An examination of signals large language models use to surface a brand, checking for gaps, bias, or outdated information.
01What it is and how it works
During an AI Audit we crawl the same data sources that generative search models ingest – public webpages, structured data, and recent news. The audit then runs those pages through a model‑agnostic parser that extracts the snippets the model would likely rank. By comparing the extracted snippets to the brand’s messaging guide, we see where the AI’s view diverges from the intended voice. The process sits one level below the headline definition: it does not change the model, it only maps the model’s current knowledge.
It is a check of what an AI sees when it talks about your brand.
02What to do about it
Pick one brand page you control and add clear, up‑to‑date schema.org markup. Then run the audit tool on that URL and note any missing fields. Next, draft a short FAQ that addresses the most common AI‑generated misconceptions you saw. Publish the FAQ on a dedicated sub‑page and link to it from the original page. Finally, schedule a 30‑minute review meeting this week to assign ownership of each fix.
03How it is measured or noticed
The audit surface includes three metrics: (1) snippet relevance score – a similarity rating between the model’s snippet and the brand’s key messages; (2) coverage ratio – the percentage of brand‑owned URLs that appear in the model’s top‑k results; and (3) bias flag count – how many times the model presents the brand in a context that conflicts with declared values. You can view these numbers in the dashboard that the audit tool provides.
04Common mistakes
- Relying only on meta descriptions and ignoring structured data.
- Assuming a single audit run captures future model updates.
- Fixing only the low‑scoring pages and leaving high‑traffic pages untouched.
05Limits
An AI Audit does not predict how a proprietary model will weight new content after a major algorithm change. It also cannot audit content behind paywalls or private APIs. The audit is often confused with a traditional SEO audit, but the focus here is on language‑model signals, not on keyword rankings.
06Worked example
"After running the AI Audit on our flagship product page, the tool showed a relevance score of 0.42 and flagged that the model was pulling an outdated price from a 2022 press release. We added priceSpecification markup with the current price, republished the page, and the next audit raised the relevance score to 0.78."
Frequently asked questions
How does an AI Audit differ from a regular SEO audit?
It depends on the technology being examined. An AI Audit looks at the signals large language models use, such as indexed webpages, structured data, and recent news, whereas an SEO audit focuses on search‑engine ranking factors like backlinks and keyword density. The metrics and recommendations are therefore tailored to generative search rather than classic web search.
Should I conduct an AI Audit for every brand page I own?
Usually you start with the most important or high‑traffic pages. Running an audit on every single page can be costly and may produce diminishing returns, especially if the pages share the same schema and content strategy. Prioritise the pages that represent core brand messages or that are most likely to be queried.
Who can perform an AI Audit and what tools are required?

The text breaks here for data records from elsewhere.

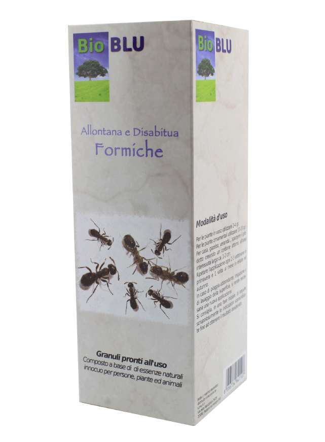 Per allontanare le formiche, sia all'interno che all'esterno, propone un prodotto in granuli pronti all'uso alle essenze naturali attive. Si tratta di una miscela di oli naturali che creano un'efficace barriera contro la presenza delle formiche, assoutamente priva di veleni. Bioblu è quindi ideale per le abitazioni in cui sono presenti bambini o animali da compagnia perchè evita ogni rischio di intossicazione.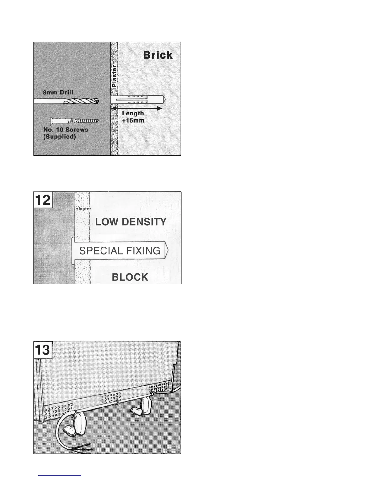 if walls are low density block.) These must be drilled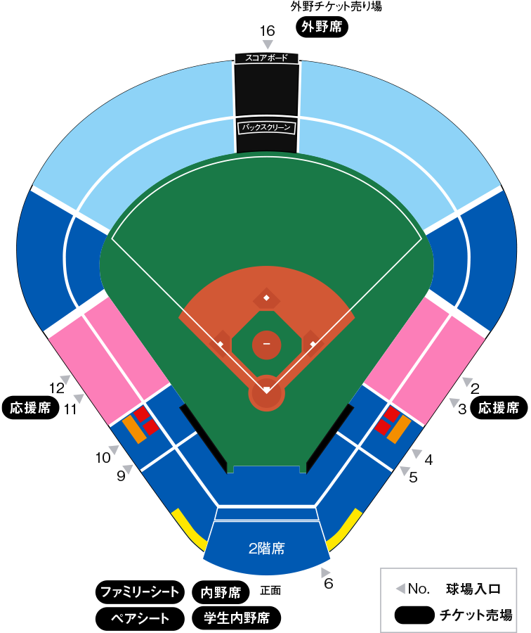 ・内野席、外野席は同伴の子供(小学生まで)無料です。ただし、指定席の場合は除きます。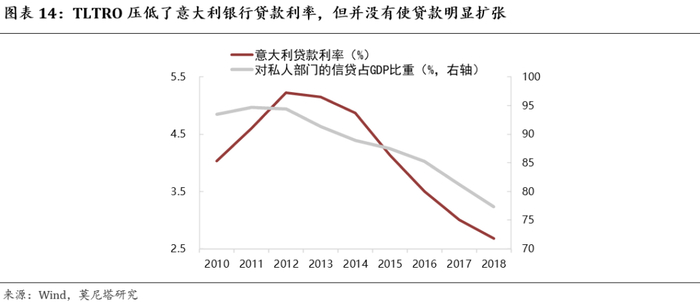宽松货币政策对一国经济的刺激作用降低,这种现象不仅仅体现在降息等常规货币政策中,非常规货币政策同样存在。典型例子是欧央行在2014年开启的TLTRO操作。当时,欧央行为商业银行发放了为期4年的低息贷款,鼓励商业银行向实体经济提供除房贷以外的资金。但根据欧央行工作论文的研究:一方面,TLTRO确实改善了商业银行的经营环境,有利于缓解银行业的风险;但另一方面,TLTRO对实体经济的影响却不大。具体而言,对于脆弱国家,TLTRO使得贷款利率下降了113BP,但并没有带来贷款总额的上升,主要原因在于下游需求没有出现改善(图表14);对于不弱国家,TLTRO使得贷款利率下降50BP,贷款总额确实出现扩张,但实证研究表明,这些国家银行贷款扩张主要原因在于外需回升,与TLTRO并没有显著相关关系。这就表明非常规货币政策对欧元区经济的刺激作用并不高。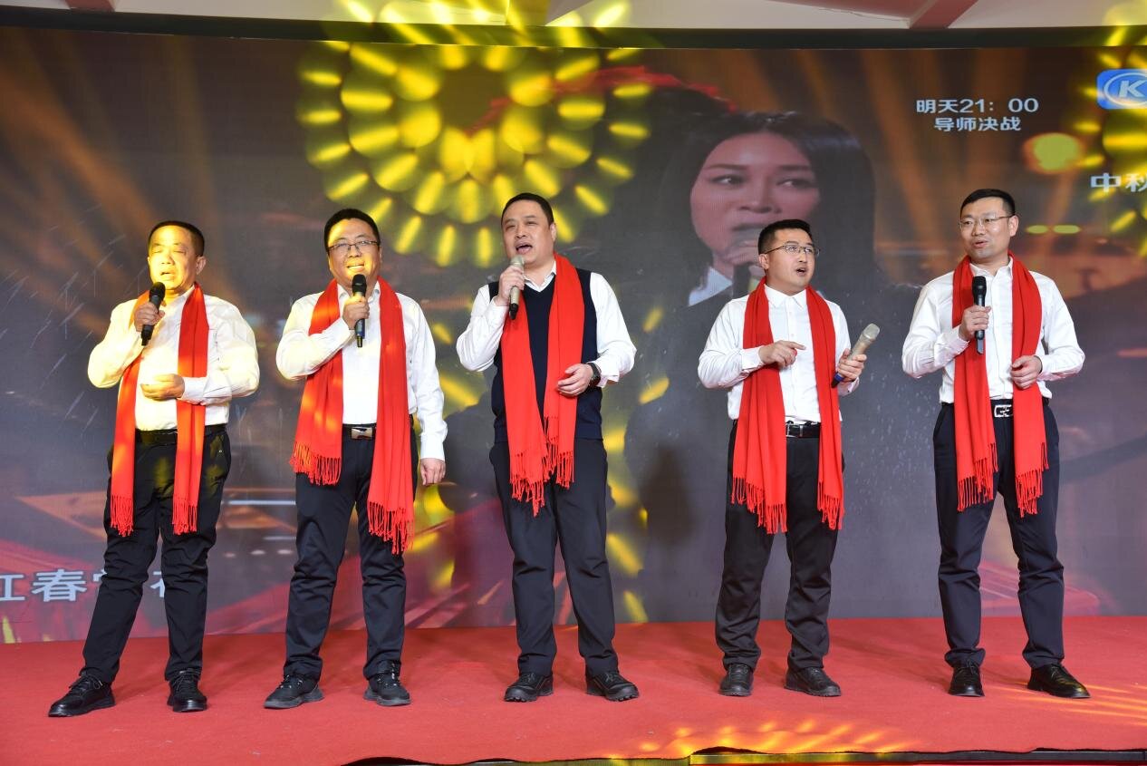 领导班子齐唱经典红歌《珊瑚颂》,将联欢会气氛推向高潮。

It depends on the expertise available in your team. A technical marketer or SEO specialist can run the crawl using tools that simulate LLM data ingestion, and then analyse the snippet relevance score and coverage ratio. Adding or updating schema.org markup is usually done in a CMS or via direct HTML editing.
Does an AI Audit still work after a major model update?
Usually the audit remains useful for spotting existing gaps, but it cannot predict how a new model will weight fresh content. Major algorithm changes can shift relevance scores, so you may need to repeat the audit to see the impact of the update.
What are the risks of ignoring gaps identified in an AI Audit?
Usually you will see your brand’s snippets become less relevant or disappear from AI‑generated answers. This can lead to loss of visibility, mis‑representation of key messages, and missed conversion opportunities. You’ll notice the problem when users report outdated or incorrect information from the assistant.
How long does it take for changes made after an AI Audit to appear in AI search results?
It depends on how quickly the model re‑indexes the updated sources. For most public webpages, a few days to a couple of weeks is typical, but some models may take longer to reflect schema changes. You can monitor the snippet relevance score during that period to gauge progress.
Asked out loud
spoken, not typedThe same term in the words somebody uses speaking to an assistant rather than typing into a box — written from the situation, which is why each one carries the situation it came from.
Yes, you can run a quick AI Audit by checking the schema.org markup on the page you control. Make sure the markup includes up‑to‑date brand identifiers and key messages, then republish the page. The changes should start surfacing in the next crawl cycle.
Usually you should verify the source page and update its structured data. Add current information and clear schema tags, then let the page be re‑crawled. After a short period the assistant will pull the fresh snippet.
It depends on the alignment between your key messages and the content the model indexes. Check that the page’s headline, meta description, and schema markup reflect the brand’s core messages, and remove any outdated sections. Once aligned, the relevance score should improve on the next measurement.